In literature, some of the researchers exploited deep learning models to develop effective detection systems. Deep Neural Networks architectures are generally established on the supposition that by increasing depth, the representation capability can be increased. These networks tend to have more non-linear mappings, and thereby enhancing the features hierarchies and thus providing more abstraction of the problem to be learned. Tian et al.29 proposed a deep learning based ensemble technique for web attack detection. Ding et al.30, designed Deep Belief Network (DBN) work for malware detection and used Opcode sequence as an important feature. On the other hand, utilizing RNN-Auto Encoders (AE), Xin Wang generated File Access sequence by tracing API call sequences and evaluated its role in the classification of malware. Similarly, Tian et al.31 exploited deep learning in distributed environment for edge devices that is responsible for concurrent learning and improvement of the edge devices. The role of deep learning and ensemble learning is evident in the field of intrusion detection, however efforts are still needed at efficiently classifying zero-day ransomware variants.

Materials and methods

This work suggests a multi-phase novel Cost-Sensitive Pareto Ensemble framework named “CSPE-R” against zero-day Ransomware detection. The workflow is decomposed into 5 phases: (1) core features hunting, (2) cost matrix formulation, (3) learning heterogeneous base estimators, (4) estimator selection, and (5) decision aggregation. The general context of the suggested model is displayed in Fig. 1.

Figure 1
figure 1

Abstract diagram of the proposed CSPE-R system.

Novelty, motivations, and advantages of the proposed method

This section discusses the rationale of using our design choices to detect zero-day ransomware and handle its related challenges. In the proposed approach, we exploit the heterogeneous runtime events as an alternative to static and specific events, as in the static analysis features may not always detect the attack modalities. Also, particular events are not suitable as they might not happen, or happen when the process is terminating.

Although Deep Learning has been extensively studied in other fields32,33,34 and obtained significant results, Contractive Autoencoder is still in its infancy of development in the field of intrusion detection and only limited studies have been conducted focusing on the ransomware classification. The proposed method seek to extract multiple core features for zero-day attack detection. As, by applying multiple core features, heterogeneous properties of the attack can be utilized and by learning a classifier on each core features set, and training them using heterogeneous ensemble, the overall performance can be enhanced. The proposed multi-core feature based Deep Contractive Autoencoder not only outperforms single-core features based on deep Contractive autoencoder but also has superior efficiency and generalization performance.
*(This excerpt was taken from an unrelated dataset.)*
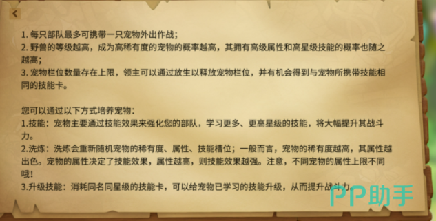这里还需要注意的是,由于在爱对战的时候,每一个队伍最多只能携带一个宠物进行对战,而且野兽的等级高的话,那么去洗练时,宠物的稀有度也会越高,但是这个是概率问题,通杀这个宠物的数量是要上线的,玩家们在收集满宠物的时候,可以选择通过放生的方式,去放生一些评级较低的宠物,而且在放生后,是要概率可以获得相关宠物所携带的技能,这个设计就非常的值得大家去进行尝试了!前期在洗练道具不够的情况下可以多多去收集低阶宠物!
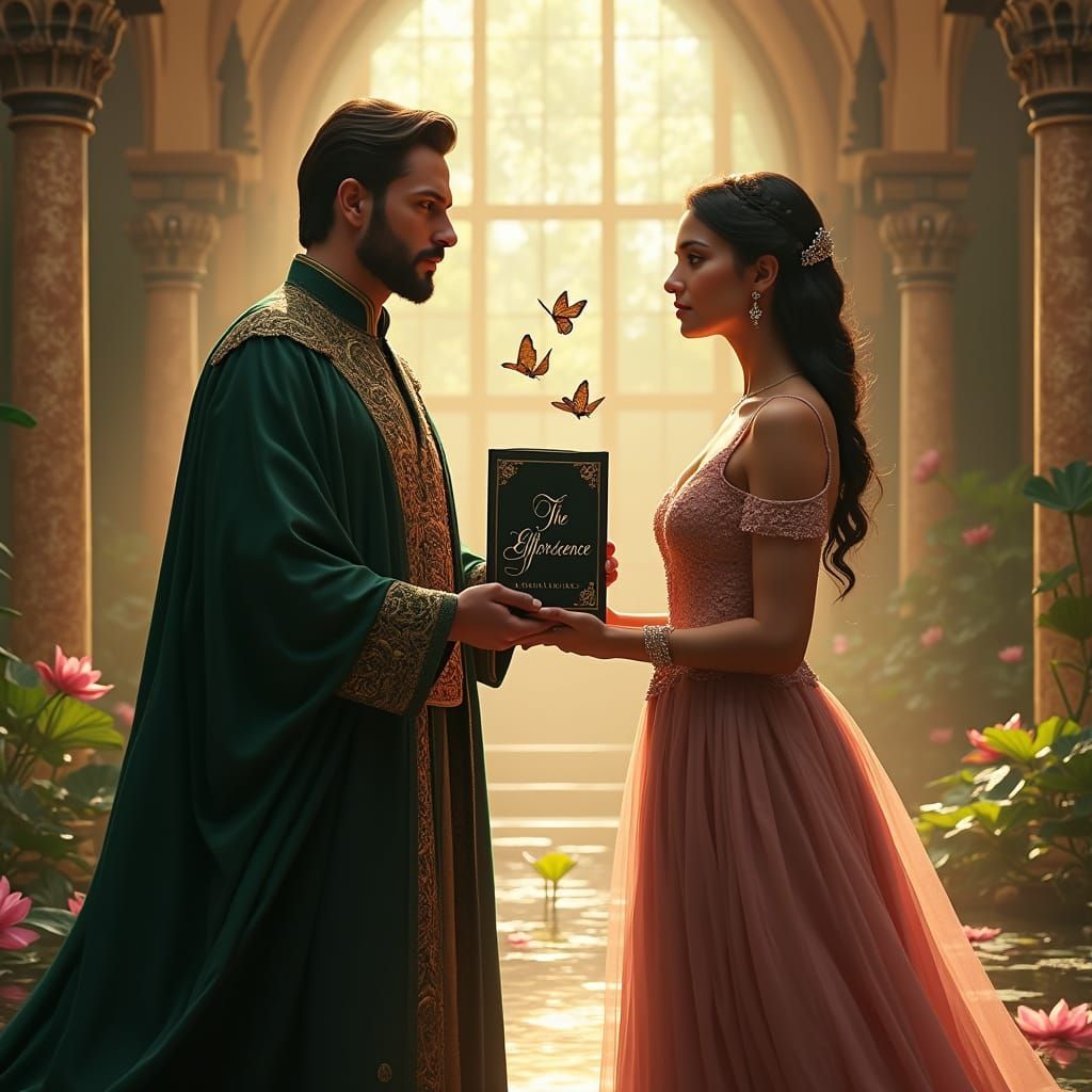 This stunning image depicts a majestic royal couple standing in a grand palace garden, surrounded by opulent details and warm sunlight. The king and queen are dressed in resplendent attire, with the king offering a leather-bound book featuring exquisite butterflies and elegant script. Majestic architectu...

Another big challenge in identifying unknown ransomware attacks is data scarcity. An appropriate choice to handle these challenges is to utilize the ensemble learning method, as it is normally more generalized and robust compared to a single classifier. Ensemble learning methods retain numerous valuable features and are considered to be robust to noise, scalable, and incremental. In case of data scarcity, it is challenging to hybridize the ensemble of deep learning models; therefore, the proposed CSPE-R method exploited both structural and empirical minimization benefits (by using SVM, Random Forest (RF), and Logistic Regression Classifier (LRC) as base classifier) to increase the zero-day ransomware detection performance. Additionally, to learn the ransomware specific patterns, a new cost sensitive ensemble based novel estimator selection strategy is developed. This novel estimator selection method systematically incorporates multi-objective non-dominant sort to select only high recall estimators. Finally, the decisions of the selected estimators are grouped.

Dataset

We used the dataset developed by Sgandurra et al.35 established in February 2016 as a training dataset to construct the EldeRan prediction model. The dataset is obtained by analyzing the samples in a sandboxed environment. The dataset comprehensively includes the dynamic behaviour of running the sample in a safe environment. In the dataset, malicious samples are labelled as ransomware (one or positive class), and benign samples are labelled as goodware (zero or negative class). It contains of 582 ransomware and 942 goodware instances. Ransomware samples are further classified into 11 families. Figures 2 show the details of ransomware families used in the dataset. The assembled samples are the most widespread modifications of the ransomware, and the mainstream is CryptoRansomware. The goodware samples are prepared from reliable sources. Goodware samples comprise file utilities, browsers, emulators, drivers, word office gears, games applications, etc. Separately these applications are executed for thirty seconds in a sandbox setting. Sgandurra et al. considered only host based features while structuring the samples. The used dataset includes the following categories of features: (1) Windows API calls, (2) Registry Key related operations, (3) file opening, reading and deletion, (4) alignment of system file operation according to their extensions. (5) directory creation and enumeration operations, (6) files dropped by a particular application, and (7) binary strings. Unlike the methodologies discussed in the literature, the CSPE-R methods' focus is not on a single event. It is established using a combination of dynamic features like files extentions, API requests, registry keys set-ups files extension, file directories set-ups, drop files record, strings, and file processes.

Figure 2
figure 2

Ransomware family vs. no of samples.

We split the ransomware families into seen and unseen classes to build a robust zero-day ransomware detection model as described in Table 1. Where the seen, families are used for training and validation purposes, and the unseen classes are reserved as zero-day attacks for testing purposes. Finally, we obtained 1257 samples in the training dataset, including 448 ransomware and 809 goodware, to build the proposed prediction model.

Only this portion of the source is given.